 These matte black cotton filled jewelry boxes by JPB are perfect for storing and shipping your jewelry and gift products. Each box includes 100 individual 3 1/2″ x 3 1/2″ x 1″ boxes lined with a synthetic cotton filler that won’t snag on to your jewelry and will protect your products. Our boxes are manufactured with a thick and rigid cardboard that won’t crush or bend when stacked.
================
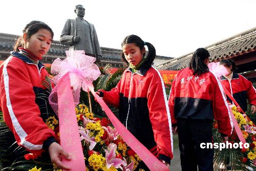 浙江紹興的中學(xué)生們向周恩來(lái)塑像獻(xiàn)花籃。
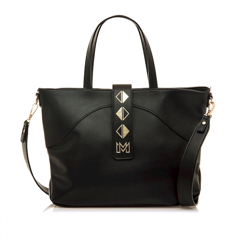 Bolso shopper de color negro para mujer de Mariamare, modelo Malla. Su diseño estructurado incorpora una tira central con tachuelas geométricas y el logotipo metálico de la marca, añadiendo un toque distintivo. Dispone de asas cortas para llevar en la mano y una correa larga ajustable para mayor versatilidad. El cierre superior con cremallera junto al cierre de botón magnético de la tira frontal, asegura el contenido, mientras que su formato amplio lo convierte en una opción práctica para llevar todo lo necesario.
================
▶ [TASK DESCRIPTION]
Range to copy from the listing above: the line with "浙江紹興的中學(xué)生們向周恩來(lái)塑像獻(xiàn)花籃。" through the line with "Bolso shopper de". Transcribe it exactly and skip the pictures.

▶ [ANSWER TO THIS PROBLEM]
 浙江紹興的中學(xué)生們向周恩來(lái)塑像獻(xiàn)花籃。
 Bolso shopper de color negro para mujer de Mariamare, modelo Malla. Su diseño estructurado incorpora una tira central con tachuelas geométricas y el logotipo metálico de la marca, añadiendo un toque distintivo. Dispone de asas cortas para llevar en la mano y una correa larga ajustable para mayor versatilidad. El cierre superior con cremallera junto al cierre de botón magnético de la tira frontal, asegura el contenido, mientras que su formato amplio lo convierte en una opción práctica para llevar todo lo necesario.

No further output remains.